## Task objective
Of the lines in the material below, print only those from the one containing "В объявлении указано, что" to the one containing "Contemporary 3BR/2.5BA home", ends included, exactly as written and without pictures.

## Data
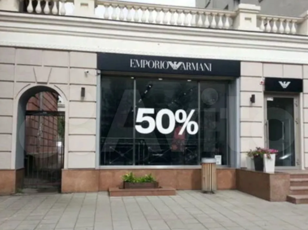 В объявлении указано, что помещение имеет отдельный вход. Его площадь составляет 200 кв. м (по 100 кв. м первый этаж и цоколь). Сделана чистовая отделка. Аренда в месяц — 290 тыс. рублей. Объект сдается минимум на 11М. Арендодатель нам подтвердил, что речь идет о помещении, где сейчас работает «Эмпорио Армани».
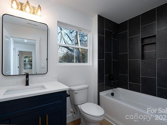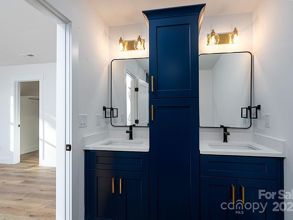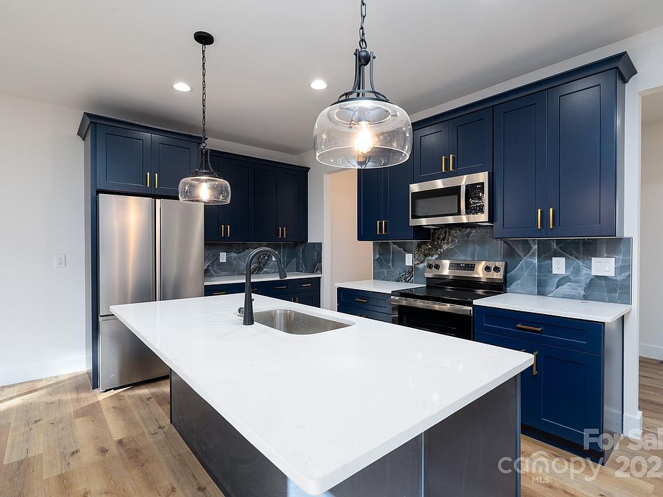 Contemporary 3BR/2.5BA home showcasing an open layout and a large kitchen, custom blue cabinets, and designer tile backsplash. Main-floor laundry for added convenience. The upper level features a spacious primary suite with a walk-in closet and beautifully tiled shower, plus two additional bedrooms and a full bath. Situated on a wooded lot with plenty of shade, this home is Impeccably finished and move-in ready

==

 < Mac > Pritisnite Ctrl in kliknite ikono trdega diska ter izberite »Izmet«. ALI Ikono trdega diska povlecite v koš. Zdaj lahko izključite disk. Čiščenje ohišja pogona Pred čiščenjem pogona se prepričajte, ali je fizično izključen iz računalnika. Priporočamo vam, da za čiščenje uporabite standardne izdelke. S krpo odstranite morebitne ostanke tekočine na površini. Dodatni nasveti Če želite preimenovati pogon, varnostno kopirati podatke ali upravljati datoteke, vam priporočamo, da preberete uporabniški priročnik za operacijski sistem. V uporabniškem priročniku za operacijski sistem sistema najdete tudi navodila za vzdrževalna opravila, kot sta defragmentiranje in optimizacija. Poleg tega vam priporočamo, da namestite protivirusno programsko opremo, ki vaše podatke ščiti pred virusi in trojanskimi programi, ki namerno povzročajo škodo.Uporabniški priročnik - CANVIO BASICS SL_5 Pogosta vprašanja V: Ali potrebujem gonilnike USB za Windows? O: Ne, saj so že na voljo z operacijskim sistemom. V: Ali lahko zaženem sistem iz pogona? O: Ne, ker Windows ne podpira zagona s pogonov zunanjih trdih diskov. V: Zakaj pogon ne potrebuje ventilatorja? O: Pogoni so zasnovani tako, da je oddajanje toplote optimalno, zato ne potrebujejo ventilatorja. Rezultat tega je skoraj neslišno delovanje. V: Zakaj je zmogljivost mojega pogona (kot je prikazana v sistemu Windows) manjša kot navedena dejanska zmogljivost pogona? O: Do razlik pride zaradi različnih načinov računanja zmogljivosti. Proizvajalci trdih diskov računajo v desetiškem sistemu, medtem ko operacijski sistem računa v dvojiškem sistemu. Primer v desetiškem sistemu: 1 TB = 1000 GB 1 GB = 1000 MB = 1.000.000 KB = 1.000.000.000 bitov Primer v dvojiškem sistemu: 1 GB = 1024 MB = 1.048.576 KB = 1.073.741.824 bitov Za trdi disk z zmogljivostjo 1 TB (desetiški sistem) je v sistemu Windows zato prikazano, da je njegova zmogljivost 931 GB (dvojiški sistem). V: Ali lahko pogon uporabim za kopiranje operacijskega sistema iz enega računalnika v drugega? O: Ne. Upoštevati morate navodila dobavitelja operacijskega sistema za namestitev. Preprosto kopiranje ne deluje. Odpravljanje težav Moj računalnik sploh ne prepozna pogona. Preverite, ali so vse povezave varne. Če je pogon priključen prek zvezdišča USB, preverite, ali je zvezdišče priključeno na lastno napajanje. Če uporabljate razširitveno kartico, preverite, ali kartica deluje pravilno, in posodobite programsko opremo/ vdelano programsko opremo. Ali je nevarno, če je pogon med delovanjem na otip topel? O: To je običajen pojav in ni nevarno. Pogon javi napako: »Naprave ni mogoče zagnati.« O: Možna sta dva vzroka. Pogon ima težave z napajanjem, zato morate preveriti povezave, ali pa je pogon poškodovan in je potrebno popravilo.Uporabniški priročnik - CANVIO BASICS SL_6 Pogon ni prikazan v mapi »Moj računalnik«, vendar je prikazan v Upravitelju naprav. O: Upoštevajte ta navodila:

## Solution to this task
 В объявлении указано, что помещение имеет отдельный вход. Его площадь составляет 200 кв. м (по 100 кв. м первый этаж и цоколь). Сделана чистовая отделка. Аренда в месяц — 290 тыс. рублей. Объект сдается минимум на 11М. Арендодатель нам подтвердил, что речь идет о помещении, где сейчас работает «Эмпорио Армани».
 Contemporary 3BR/2.5BA home showcasing an open layout and a large kitchen, custom blue cabinets, and designer tile backsplash. Main-floor laundry for added convenience. The upper level features a spacious primary suite with a walk-in closet and beautifully tiled shower, plus two additional bedrooms and a full bath. Situated on a wooded lot with plenty of shade, this home is Impeccably finished and move-in ready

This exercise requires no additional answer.